Task prompt:
Extract the opening line of the entries and every line after it, stopping at and including the line that contains "Pyle PRJSM1006 Universal". Do not include pictures.

▼

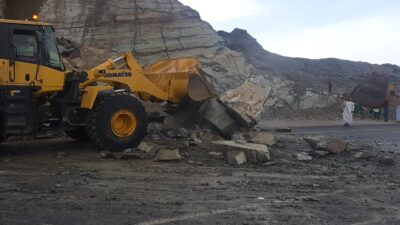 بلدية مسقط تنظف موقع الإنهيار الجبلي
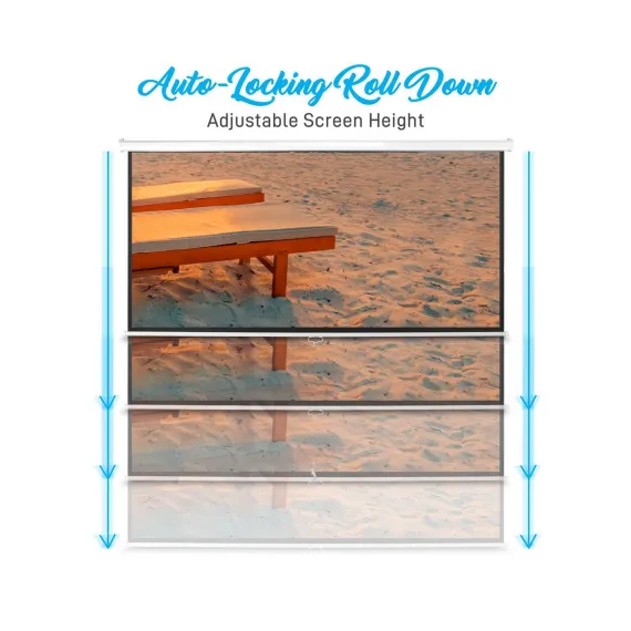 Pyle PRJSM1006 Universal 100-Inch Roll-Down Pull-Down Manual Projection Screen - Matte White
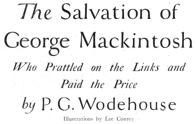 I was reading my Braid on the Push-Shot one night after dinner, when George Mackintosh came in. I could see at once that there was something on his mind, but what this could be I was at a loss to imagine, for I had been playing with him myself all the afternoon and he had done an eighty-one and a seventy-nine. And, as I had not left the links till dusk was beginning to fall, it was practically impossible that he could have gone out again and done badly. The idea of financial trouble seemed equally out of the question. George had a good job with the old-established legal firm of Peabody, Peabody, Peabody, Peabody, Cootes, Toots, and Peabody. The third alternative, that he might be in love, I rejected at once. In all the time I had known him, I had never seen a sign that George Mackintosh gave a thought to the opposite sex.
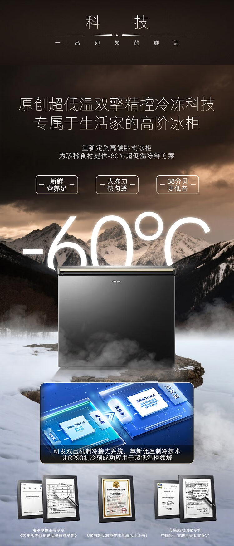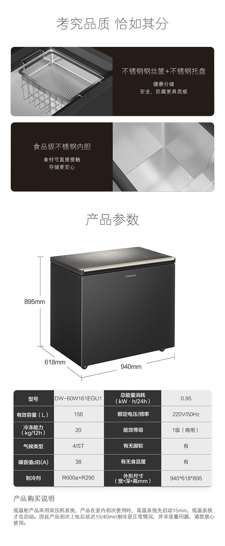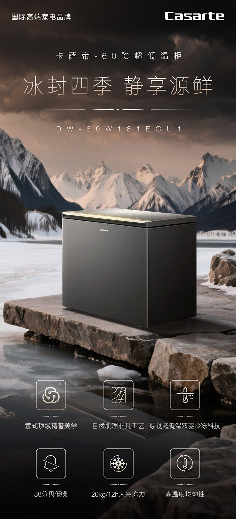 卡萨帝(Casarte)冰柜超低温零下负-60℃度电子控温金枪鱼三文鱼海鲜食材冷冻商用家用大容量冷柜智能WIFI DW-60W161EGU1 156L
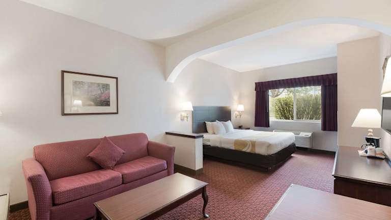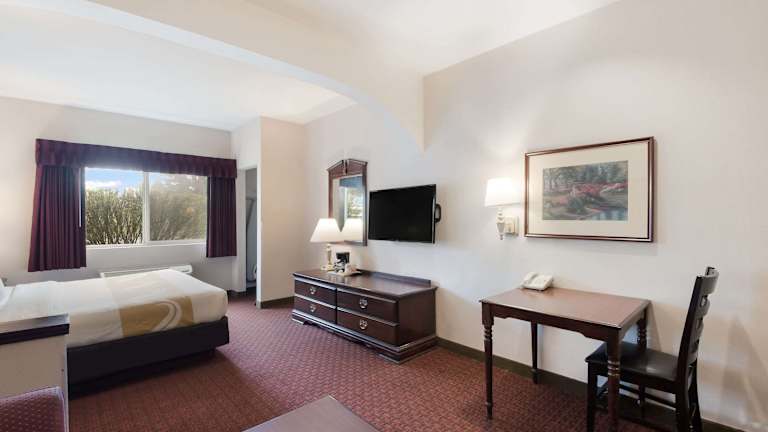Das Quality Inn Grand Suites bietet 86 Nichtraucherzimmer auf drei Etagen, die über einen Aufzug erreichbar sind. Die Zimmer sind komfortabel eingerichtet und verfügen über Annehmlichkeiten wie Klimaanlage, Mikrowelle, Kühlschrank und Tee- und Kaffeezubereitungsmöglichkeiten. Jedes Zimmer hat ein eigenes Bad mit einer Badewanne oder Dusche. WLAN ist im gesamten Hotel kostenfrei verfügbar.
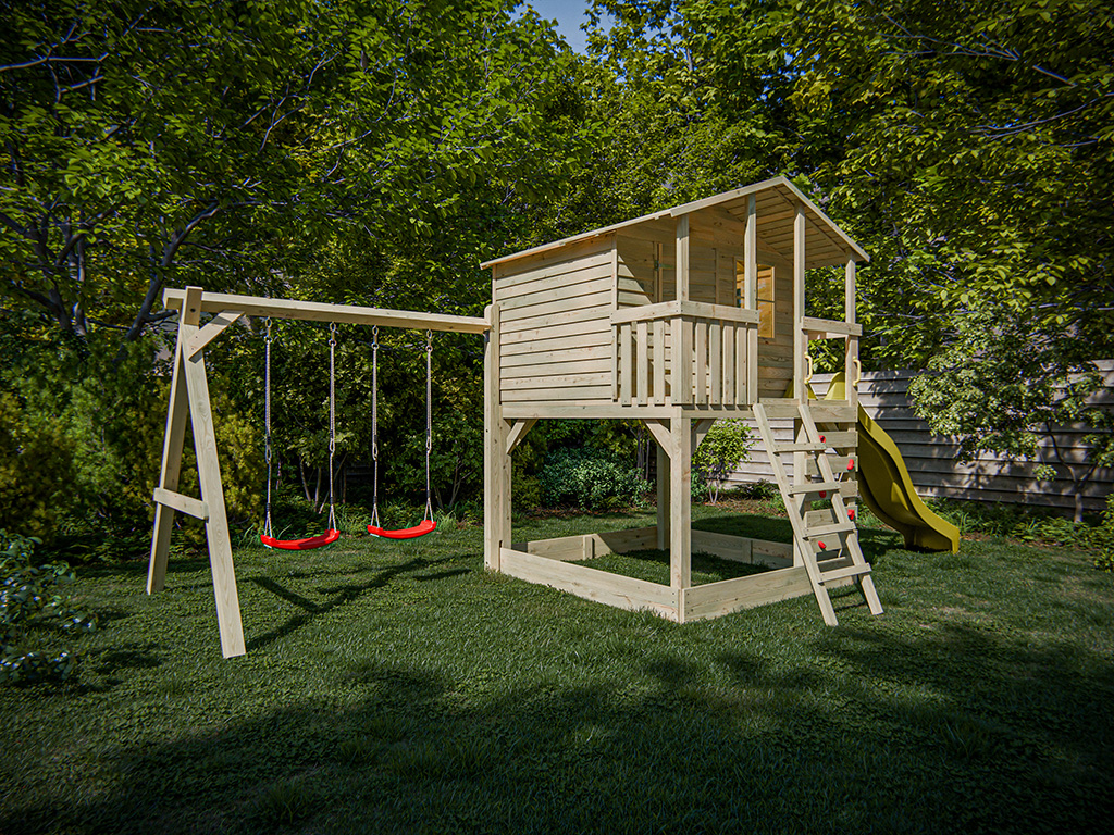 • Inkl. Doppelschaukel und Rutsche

▲

Solution to the exercise:
 بلدية مسقط تنظف موقع الإنهيار الجبلي
 Pyle PRJSM1006 Universal 100-Inch Roll-Down Pull-Down Manual Projection Screen - Matte White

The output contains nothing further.